Handle common DataBento issues gracefully:

.. code-block:: python

    class RobustStrategy(Strategy):
        def on_trading_iteration(self):
            try:
                bars = self.get_historical_prices(self.asset, 20, "minute")
                
                if bars is None or bars.df.empty:
                    self.log_message("No data available", color="yellow")
                    return
                
                # Your strategy logic here
                
            except Exception as e:
                self.log_message(f"Data error: {e}", color="red")
                return

Performance Optimization
===========================

Tips for optimizing DataBento performance:

1. **Minimize Data Requests**
   
   Request data once and reuse it within the same iteration.
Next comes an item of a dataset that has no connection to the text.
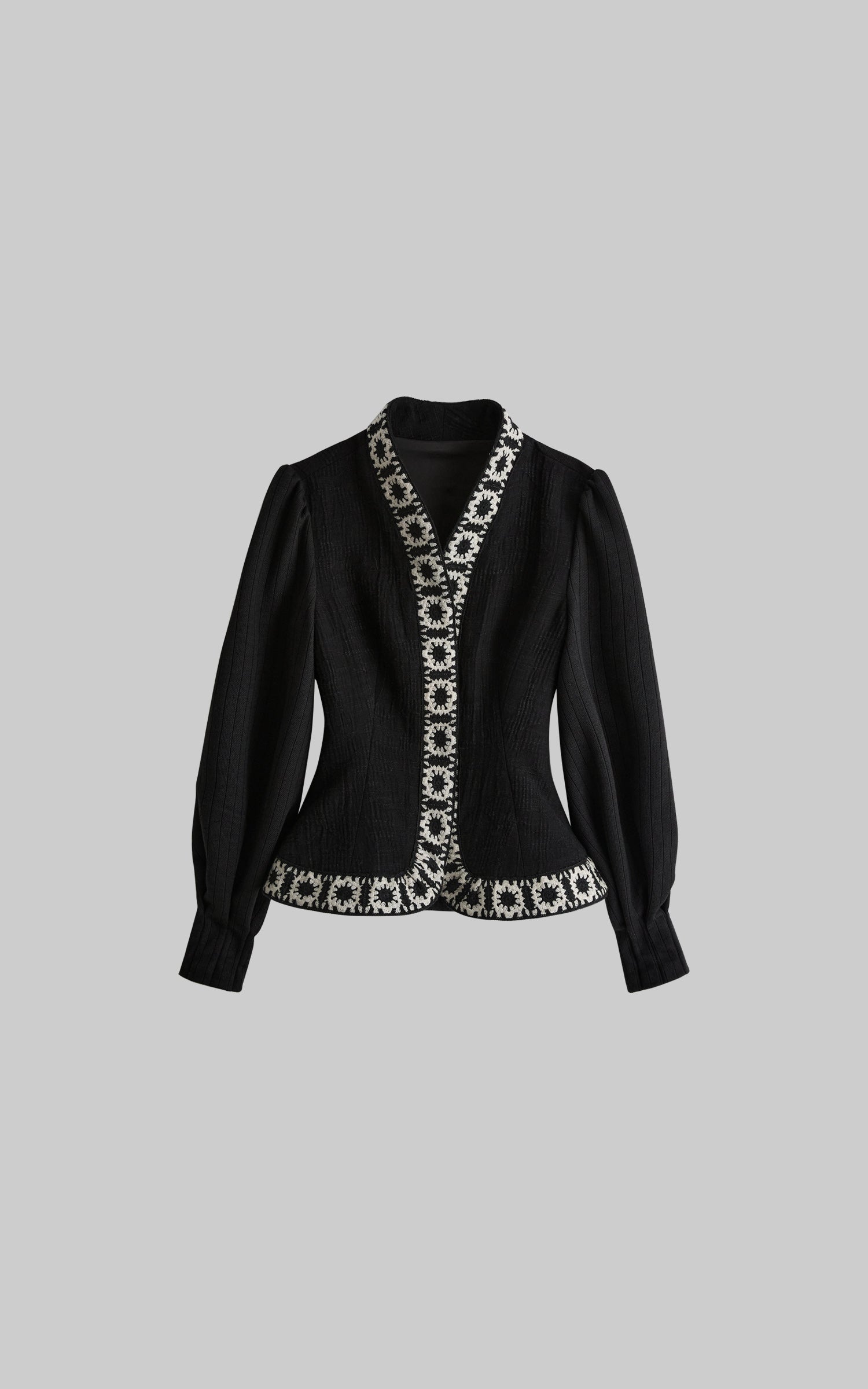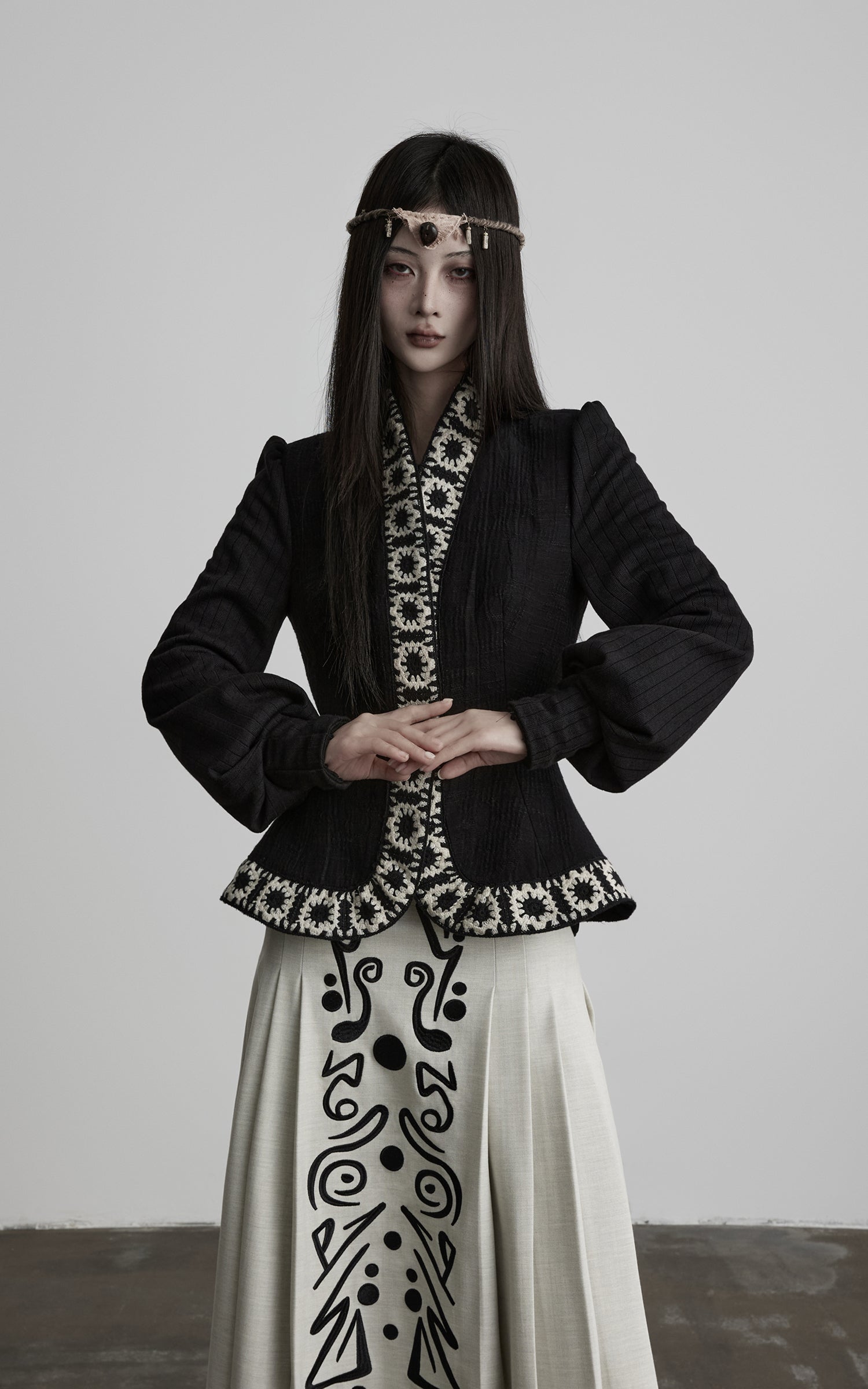 This jacket is defined by a sculpted, fitted silhouette shaped through precise vertical paneling and a gently cinched waist. Contrasting embroidered trims frame the front opening and hem, establishing a restrained yet graphic boundary. Soft volume is introduced through subtly gathered sleeves, creating a measured dialogue between structure and release. A symbolic embroidered motif is placed along the back center line, adding quiet narrative depth to the composition. The textured fabric carries a delicate surface variation, resulting in a composed, ritual-like outer layer with a dark, avant-garde presence, ideal for pairing with elongated skirts or architectural bottoms.

2. **Use Appropriate Timeframes**
   
   Don't request minute data if you only need daily signals.

3. **Leverage Caching**
   
   Repeated backtests will be faster due to automatic caching.

4. **Batch Processing**
   
   Process multiple assets efficiently in loops.

Troubleshooting
==================

**Common Issues:**

1. **"No DataBento API key found"**
   
   - Set the ``DATABENTO_API_KEY`` environment variable
   - Check your .env file configuration

2. **"Rate limit exceeded"**
   
   - Reduce the frequency of data requests
   - Use longer timeframes when possible
   - Add delays between requests if needed

3. **"No data available for symbol"**
   
   - Verify the symbol is correct
   - Check if DataBento supports the instrument
   - Ensure the date range is valid

4. **"Connection timeout"**
   
   - Check your internet connection
   - Verify DataBento service status
   - Retry the request

Cost Considerations
=====================

DataBento is a premium service with costs based on:

- **Data volume** (number of symbols and timeframes)
- **Historical depth** (how far back you request data)
- **API usage** (number of requests)

For cost-effective backtesting:

- Use continuous futures instead of multiple expiry contracts
- Request appropriate timeframes (don't use minute data for daily strategies)
- Leverage caching to avoid repeated requests
- Focus on the symbols you actually need

DataBento provides excellent value for professional strategy development due to its data quality and reliability.